Выбрать главу

На третий день утром Валк внезапно напомнил ей о пятом пункте кодекса. Ягич побледнела. Валк отвернулся, отвернулся демонстративно, не скрывая, что дает ей просто передышку.

Теперь уже нельзя было не ответить. Теперь непременно надо было ответить. Но как? Ягич лихорадочно перебирала варианты; сказать, что он заблуждается, что пятый пункт ни при чем? А детектор? Вот как! Значит, она боится только детектора, а не будь его… Нет, нет, это не ее мысль, чья угодно, только не ее! Может, просить о помощи? Но разве она уже исчерпала себя, разве она не властна над собой? Нет, она не исчерпала себя, но ее одолевают сомнения. Но разве нельзя работать сомневаясь?

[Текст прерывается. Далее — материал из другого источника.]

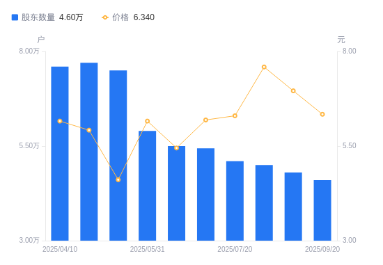 近一年(2024年9月20日至2025年9月20日),*ST椰岛A股股东户数从6.8万户,减低至4.6万户,降幅32.35%,区间股价下跌8.25%。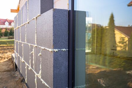Building and Construction site of new home. Exterior view of new house under construction. Mineral wool for insulated house.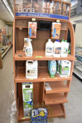 BONA DISPLAY RACK WITH CONTENTS CONSISTING OF PREMIUM SPRAY MOP, FLOOR CLEANERS, AND DISPLAY SCREEN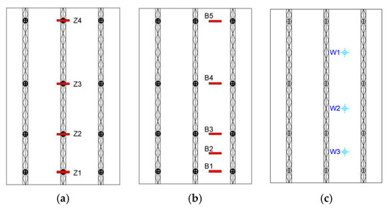 Measuring point arrangement. (a) Z1~Z4; (b) B1~B5; (c) W1~W3.

— Нет, — очень спокойно произнес Валк, и она опять увидела эти чужие глаза — глаза времени. — Нет. Мы лечим не роботов, а людей. Ваш скепсис, или, если предпочитаете, неполная вера, заражает пациента. А пациент, вспомните латынь, — это страдающий. Так вправе ли мы еще увеличивать его страдания?

Это был не вопрос, это был категорический ответ, хотя Валк ни на пол-октавы не повысил голоса.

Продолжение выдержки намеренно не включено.